EXAMINING REALISM & ITS LIMITATIONS IN INTERNATIONAL RELATIONS
DOI:
https://doi.org/10.26619/1647-7251.17.1.01Abstract
Realism has long been regarded as the cornerstone of international relations (IR) theory, tracing its roots back to ancient thinkers such as Thucydides, Thomas Hobbes, Niccolò Machiavelli, and Kautilya. Yet, this perception is not only historically dubious but also analytically misleading. When examining the ongoing Russia-Ukraine war, the emergence of new actors such as China and India, and research on “Cold War 2.0,” realism theory dominates the discussion in international forums on topics of power, security, survival, and state strengthening. However, my ambition in this essay is to offer an analysis of the readings by Mehmet Tabak, Jonathan Kirsher, and Alexander Vidman on Realism.
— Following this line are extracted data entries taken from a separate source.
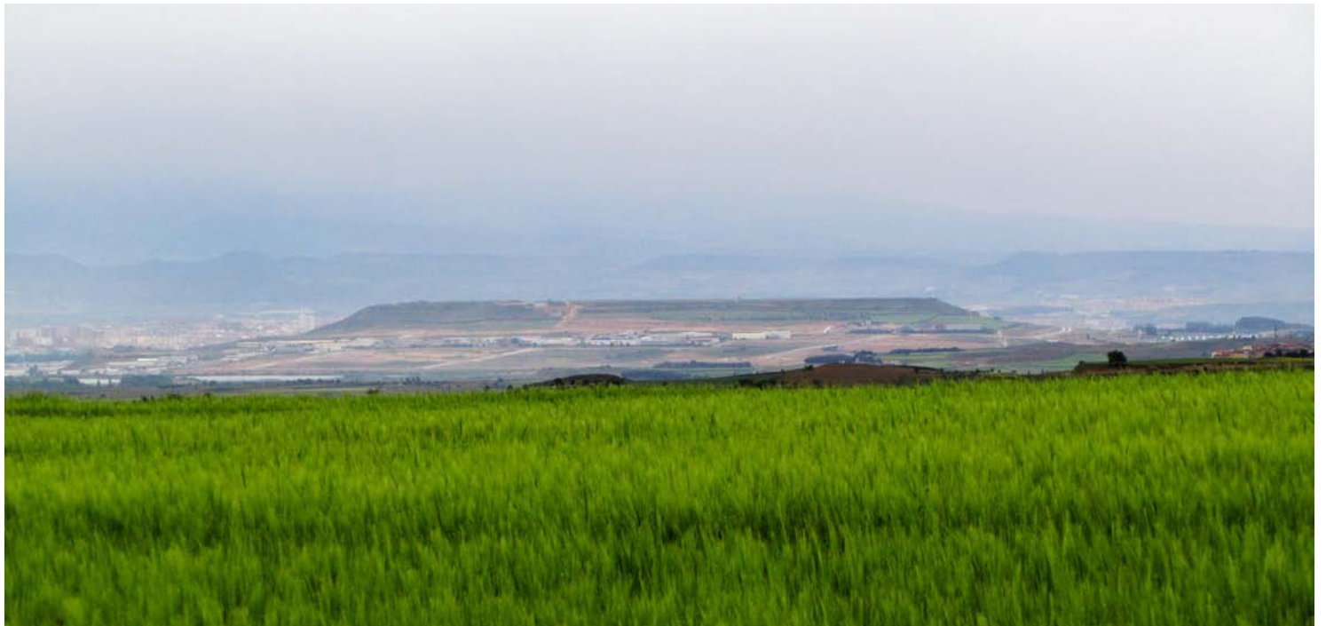
“Pöytävuoria” näkyi pohjoisessa.

Alla Vienan keskustan katu Calle de Primo de Rivera. Oikealle jää Santa Marian kirkko, joka on peräisin 1200 luvulta. Vasemmalla näkyy muutama pöytä baarin ulkopuolella. Tätä seuraavaan baariin poikkesin kahville ja boccadillolle. Yksi ulkopöytä oli vapaana, muitakin vaeltajia oli viettämässä lepoa. Kirkon vieressä olevalla aukiolla arkaadien alla oli menossa jokinlaiset kukkamarkkinat.
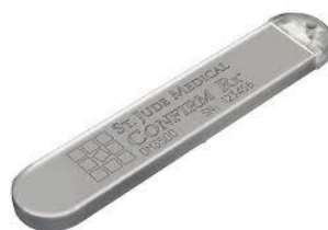
Confirm RX (Abbott)
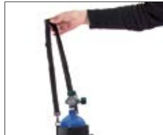
// 7109050 & 7109051 Koszyk na butlę tlenową
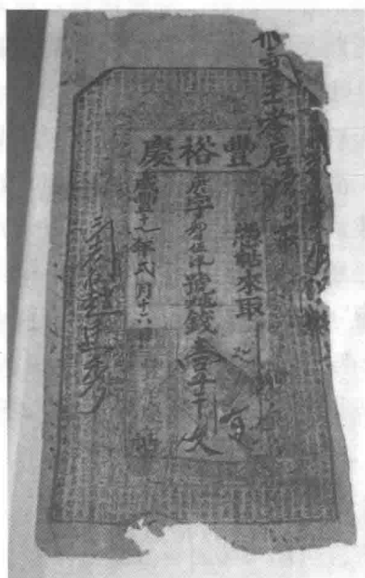
图1-3 山西票号的票据

我国近代“票据”的使用或执业人员的产生，有说源自于山西平遥的日升昌票号；有说源自华南广东地区与东印度公司的贸易。道光三十八
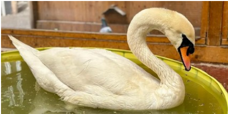
Tierpflegerin rettet Schwan am Mainzer Zollhafen (AZplus)
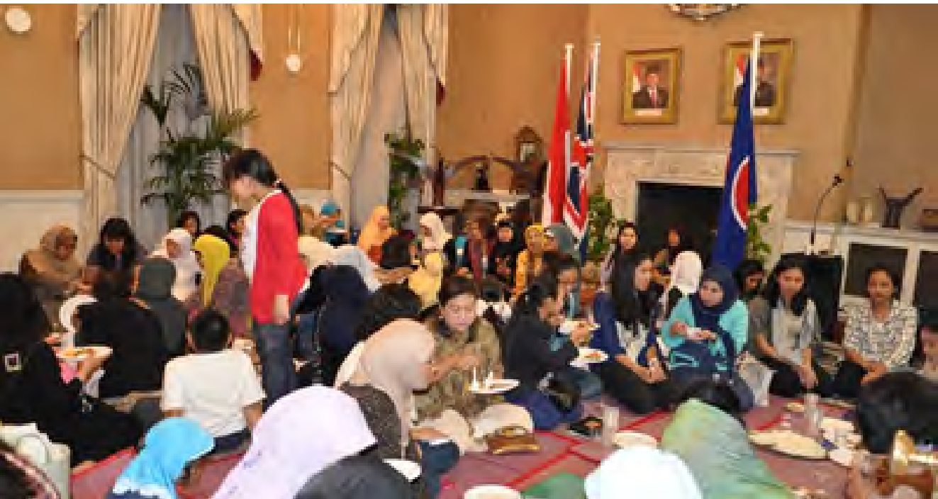
Pengajian masyarakat Indonesia di London

Sebelumnya, IIC London menyampaikan proposal IIC-London kepada Wapres Jusuf Kalla dan mengharapkannya dapat menyampaikan kepada pihak-pihak di Indonesia untuk membantu dalam mewujudkan cita-cita IIC-London untuk memiliki suatu Islamic Centre tersebut. .
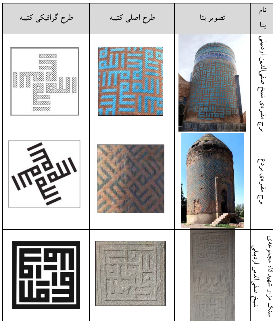
جدول ۲: کتیبه‌ی چهارگانه‌ی «الله» در برج مقبره‌های شیخ صفی‌الدین اردبیلی و بردع ۱
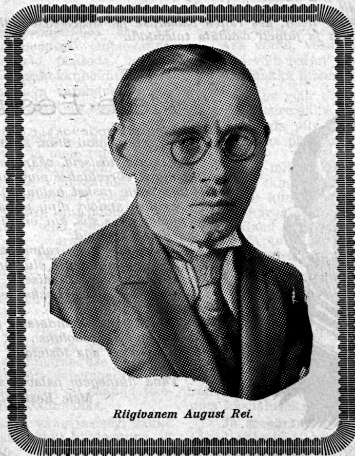
Riigivanem August Rei.
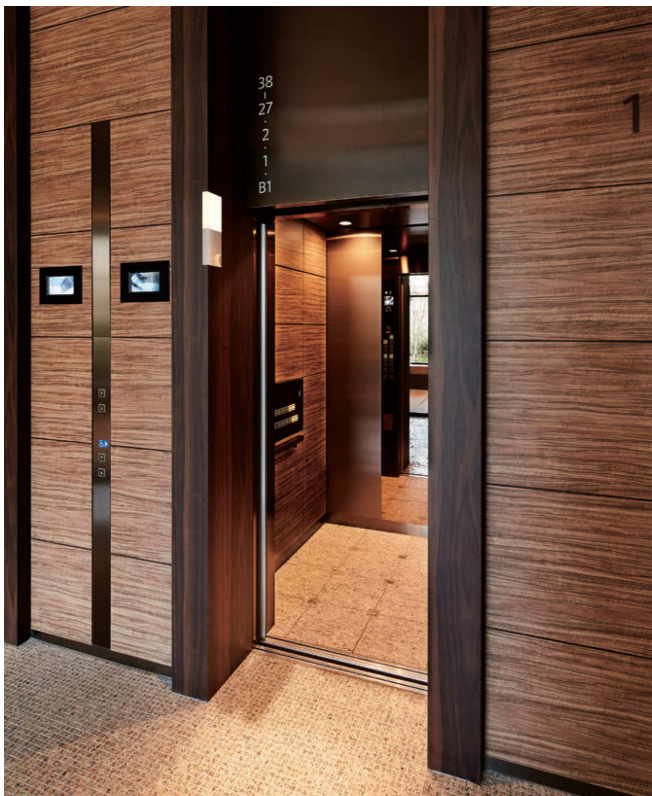
乗用11人乗りエレベーター・かご室

目黒駅前の大規模複合開発が完了し、38階建ての超高層住宅棟・ブリリアタワーズ目黒 サウスレジデンスが誕生しました。同地はかつて大名屋敷があった高台で、敷地内の豊かな植栽と周辺の公園が森を思わせる風景を作り出しています。パーティールームやフィットネスルームなど共用施設も充実し、30階のラウンジからは、都心の景観を一望することができます。
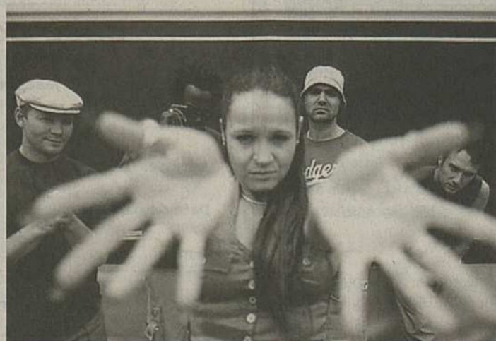
Le groupe Sens Unik sera à la Fête de la jeunesse de Viège, samedi 15 juin prochain.

seront gratuits pour tous les jeunes et, sur place, les prix resteront modiques grâce au parrainage.
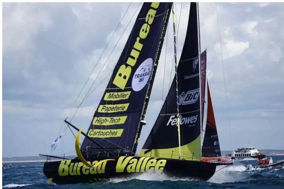
Le foiler noir et jaune Louis Burton (Bureau Vallée).
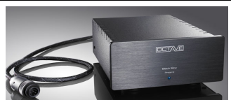
Black-Box PRE AMP

stabilizzatore di alimentazione esterno per Phono Module
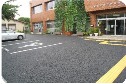
緑のカーテンがよりきれいに見えます

水谷東公民館敷地内駐車場の舗装工事が7月中~下旬に行なわれ、でこぼこのない、きれいな駐車場に生まれ変わりました。 工事期間中は、公民館利用者の皆さま始め、多くの方々にご協力・ご配慮をいただきました。厚くお礼申し上げます。

Their book needs to be analysed in the forum of intellectual tradition, such as the Realism paradigm, Realism in IR, Realism in Foreign Policy, and its shortcomings, which they attempt to rewrite on Realism. This essay is divided into three parts. First, I examine Tabak’s position of realism as a disarrayed tradition both philosophically and in scientific traditions. He analyses Realism in International Relations, and forcefully challenges the so-called “consensus view” that reflects realism as a unified, ancient, and self-contained school of thought. Secondly, I then discuss Kirsher realism in an uncertain world, emphasising the realism and its basis for the American world order. Thirdly, I analyse Vidman’s folly of realism in relation to the “realist” philosophy of US foreign policy in Russia and Ukraine. As this essay will demonstrate, realism’s disjointed evolution, contested foundations, and practical failures expose it not as a timeless doctrine but as a backfilled, unstable tradition that continues to construct more confusion than consensus.